• [About this exercise]
Start at the line that contains "신한은행의 마지막 퍼즐이" in the listing below and extract every line through the last, exactly; leave pictures out.

*** Input data ***

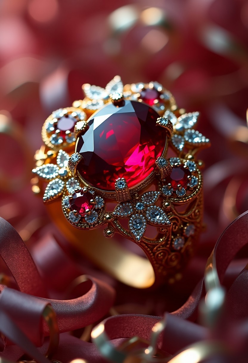 A close-up of an intricate (ornate ring) adorned with (brilliant red gemstones) set in (luxurious gold and silver filigree). The (red gems) glisten under the soft light, their facets reflecting deep ruby hues, while the (exquisite craftsmanship) of the metal details creates a sense of (royal elegance). Surrounding the ring are [delicate floral patterns] made of silver and crystals, adding a layer of (refinement and luxury) to the composition. The background is filled with swirling (metallic ribbons) of red and silver, creating a dynamic yet balanced contrast. The (lighting effects) emphasize the shine and brilliance of the gemstones and the reflective surfaces, highlighting the (intricate detailing) and (majestic beauty) of the design. The overall mood is one of (opulence and sophistication), with every element contributing to the sense of (high craftsmanship and artistry).
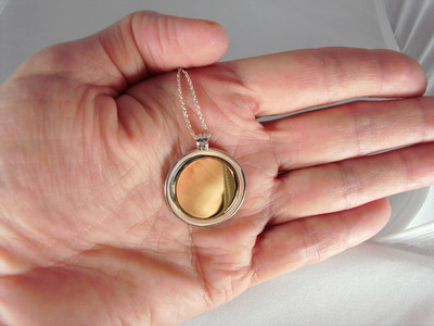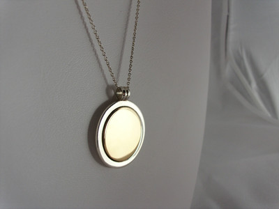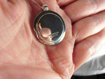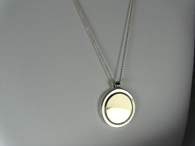 TIFFANY 18K Solid Gold Round Medallion Sterling Silver Trim Pendant Necklace
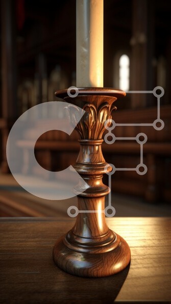 Υπάρχει δυνατότητα προσωποποίησης με δική σας φωτογραφία και προσαρμογής διαστάσεων κατόπιν παραγγελίας. Το συγεκεριμενο puzzle παρουσιαζει Αυτή η εικόνα δείχνει ένα όμορφα φτιαγμένο ξύλινο κηροπήγιο που κρατά ένα αναμμένο κερί. Το κηροπήγιο έχει περίπλοκες λεπτομέρειες, με περίτεχνα σκαλίσματα που αναδεικνύουν τη δεξιοτεχνία του. Στέκεται σε ένα γυαλισμένο ξύλινο τραπέζι και το ζεστό φως από το κερί δημιουργεί μι
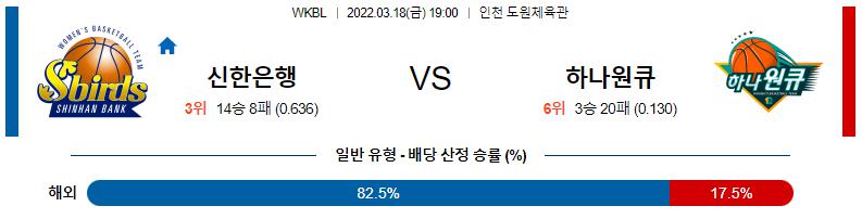 신한은행의 마지막 퍼즐이 되는 주전 빅맨 한엄지(20~25분)가 복귀전 보다는 출전 시간을 늘릴 것으로 예상되며 베스트5의 전력 구성과 팀 조직력에서 신한은행이 한수위에 있다. 신한은행 승리 가능성을 추천 한다.
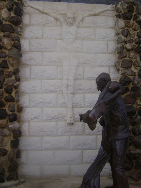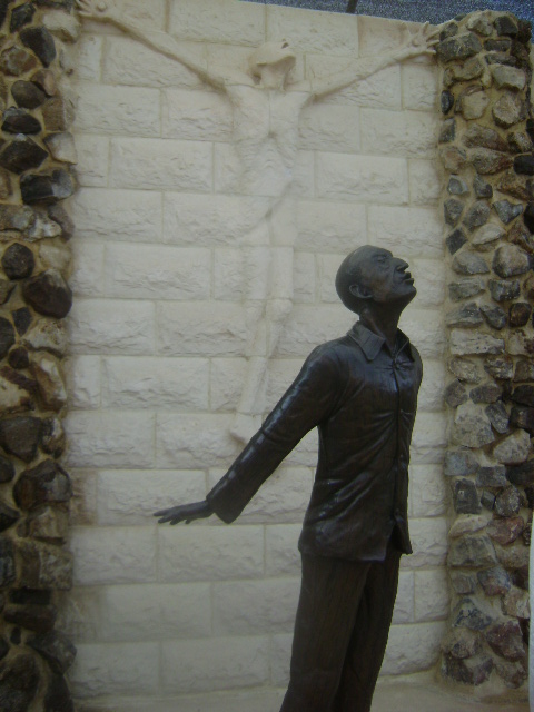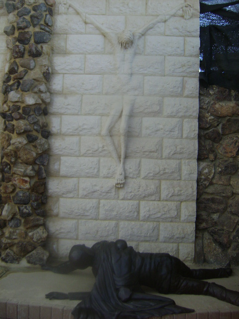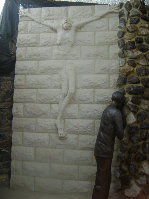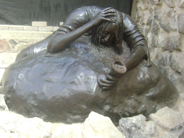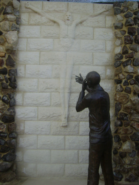 “Fountain of Tears”. It is a representation of the interaction between the seven last phrases of Jesus on the Cross and a Holocaust survivor.

*** End of Input data ***

• [Solution below]
 신한은행의 마지막 퍼즐이 되는 주전 빅맨 한엄지(20~25분)가 복귀전 보다는 출전 시간을 늘릴 것으로 예상되며 베스트5의 전력 구성과 팀 조직력에서 신한은행이 한수위에 있다. 신한은행 승리 가능성을 추천 한다.
 “Fountain of Tears”. It is a representation of the interaction between the seven last phrases of Jesus on the Cross and a Holocaust survivor.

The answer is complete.